YOUR TASK:
Please retype the data below line for line and leave out every picture.

DATA PROVIDED:

╭──

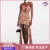 Vestido Corto de Cadera para Mujer Verano Sin Mangas Espalda Descubierta Cuello Halter Sexy Chica Caliente 8817 Vestido Polvo con Tira al Cuello
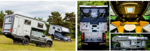Рисунок 1.17. Слева: жилой модуль на пикап «WV Amarok» с жесткими стенами и крышей Немецкого производства. Справа – на ту же марку автомобиля установлен модуль с подъемной крышей, изготовленный в России.
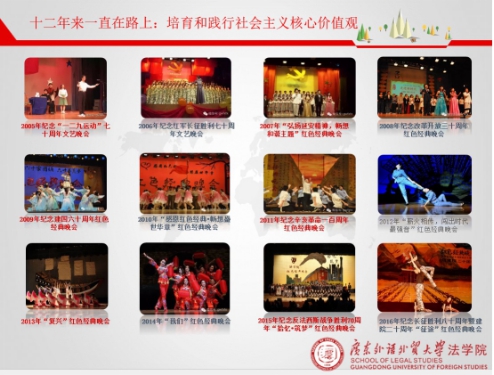 法学院红色经典晚会由学校党委宣传部和法学院主办,始创于2005年,历经十二载,从未间断。作为学院着力打造的思政特色第二课堂,该活动已成为学院思政工作的有效抓手和学生活动的校园文化品牌。活动在每年12月举办,内容结合时政热点,针对既定主题,面向全院各班招募节目,通过演绎红色经典剧目,促使思政工作进班级、进舞台、进灵魂,在学生中传递社会主义核心价值观,展现法学学子爱党、爱国的家国情怀。
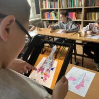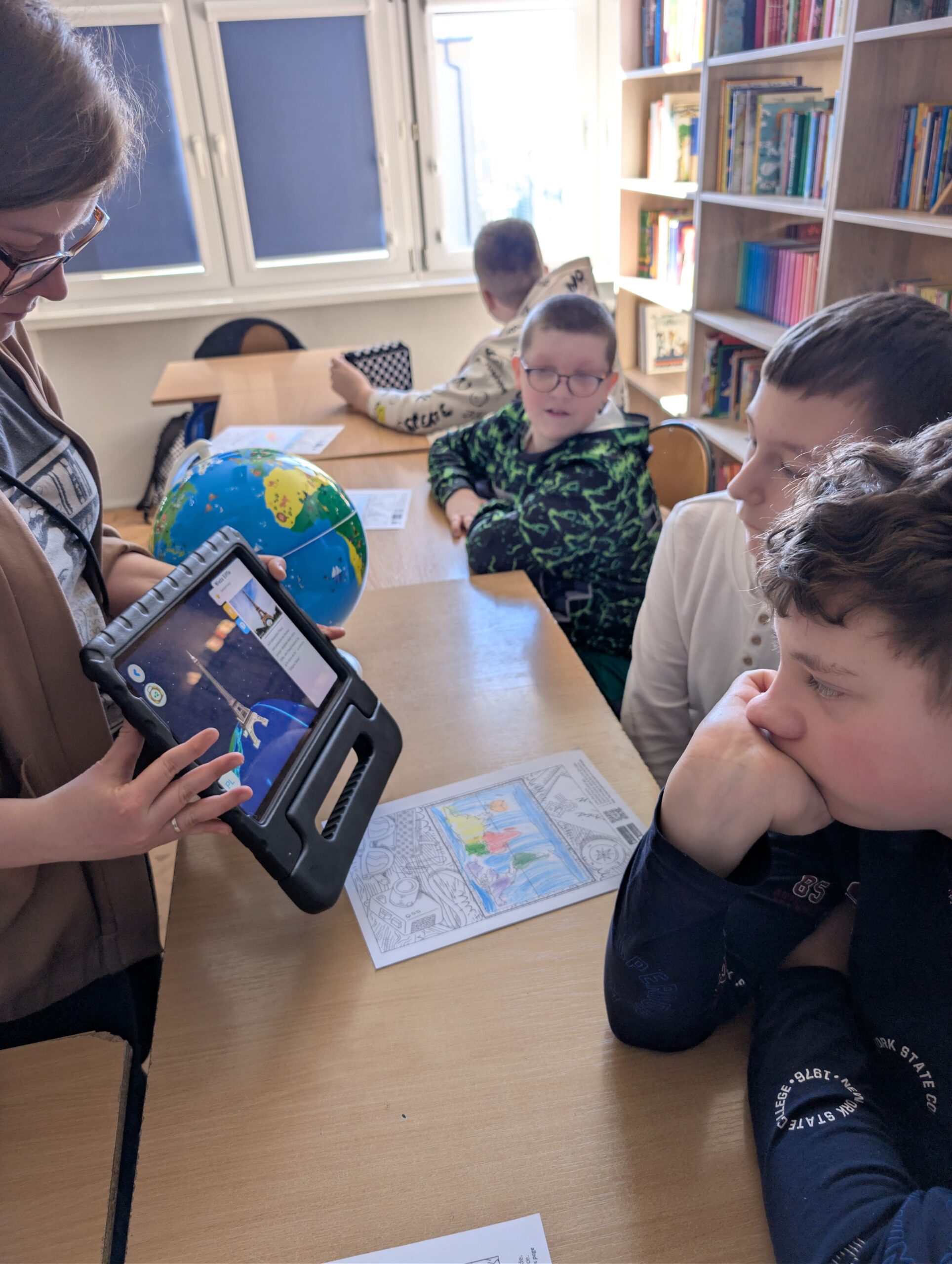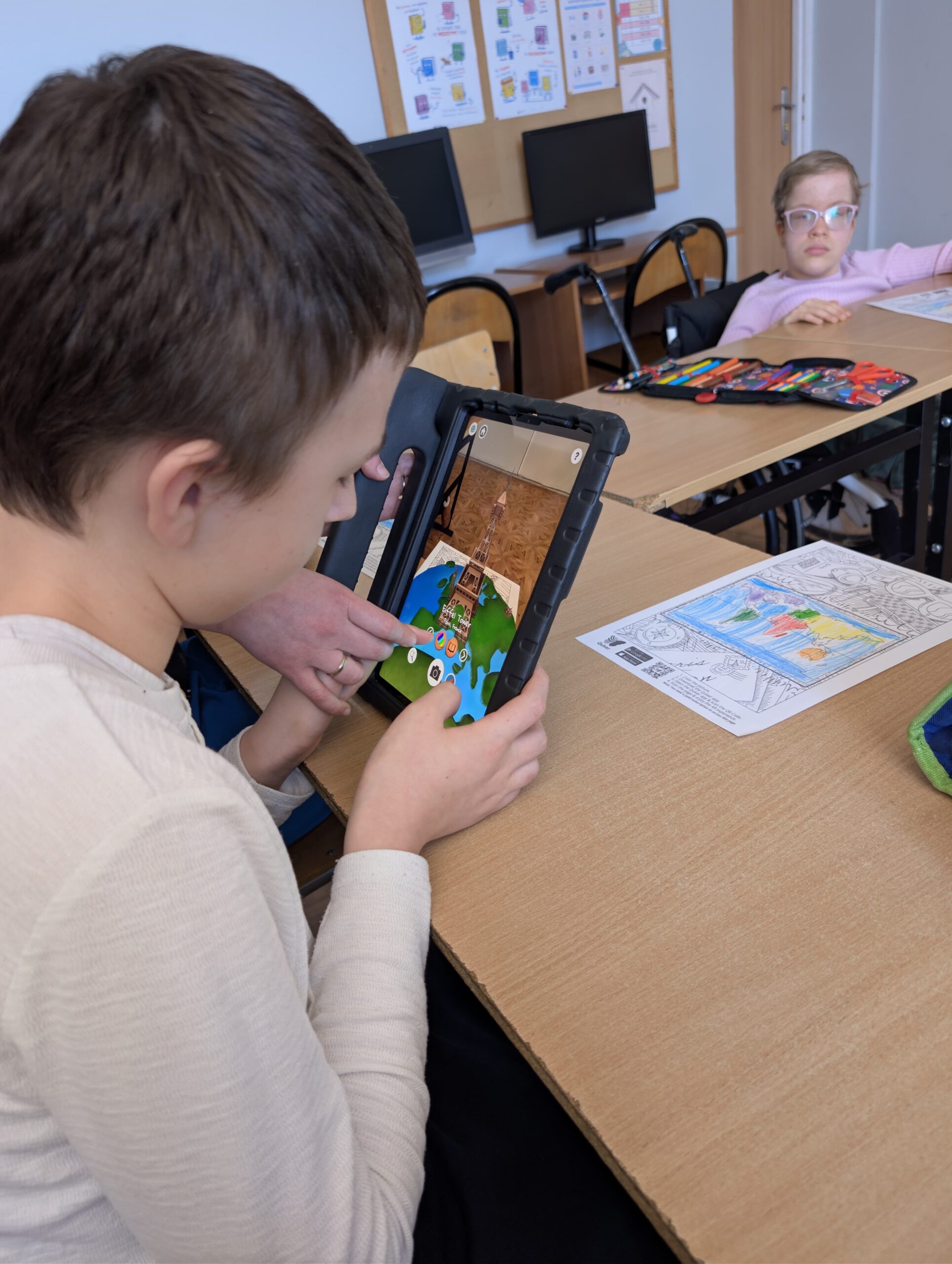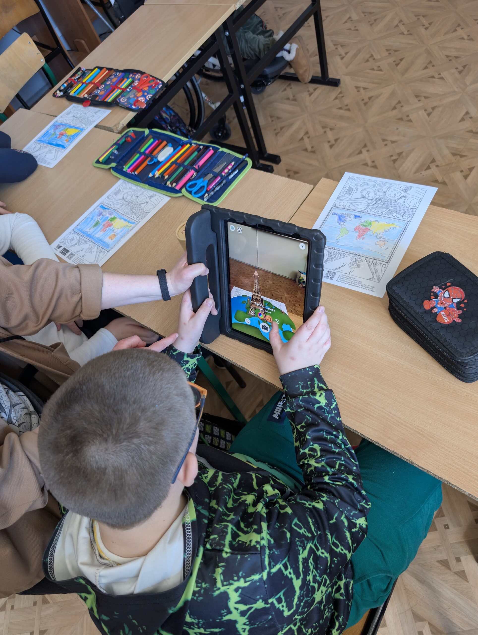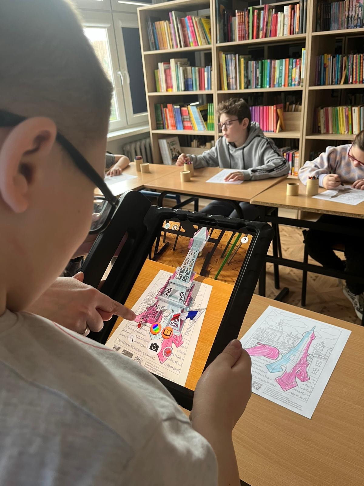 Po części wprowadzającej uczniowie wzięli udział w aktywności plastycznej z wykorzystaniem rozszerzonej rzeczywistości (AR). Kolorowali specjalną kartę przedstawiającą Wieżę Eiffla, a następnie – dzięki aplikacji Quiver – mogli zobaczyć, jak ich praca „ożywa” na ekranie urządzenia w formie trójwymiarowego modelu 3D.

╰──

THE ANSWER:
 Vestido Corto de Cadera para Mujer Verano Sin Mangas Espalda Descubierta Cuello Halter Sexy Chica Caliente 8817 Vestido Polvo con Tira al Cuello
Рисунок 1.17. Слева: жилой модуль на пикап «WV Amarok» с жесткими стенами и крышей Немецкого производства. Справа – на ту же марку автомобиля установлен модуль с подъемной крышей, изготовленный в России.
 法学院红色经典晚会由学校党委宣传部和法学院主办,始创于2005年,历经十二载,从未间断。作为学院着力打造的思政特色第二课堂,该活动已成为学院思政工作的有效抓手和学生活动的校园文化品牌。活动在每年12月举办,内容结合时政热点,针对既定主题,面向全院各班招募节目,通过演绎红色经典剧目,促使思政工作进班级、进舞台、进灵魂,在学生中传递社会主义核心价值观,展现法学学子爱党、爱国的家国情怀。
 Po części wprowadzającej uczniowie wzięli udział w aktywności plastycznej z wykorzystaniem rozszerzonej rzeczywistości (AR). Kolorowali specjalną kartę przedstawiającą Wieżę Eiffla, a następnie – dzięki aplikacji Quiver – mogli zobaczyć, jak ich praca „ożywa” na ekranie urządzenia w formie trójwymiarowego modelu 3D.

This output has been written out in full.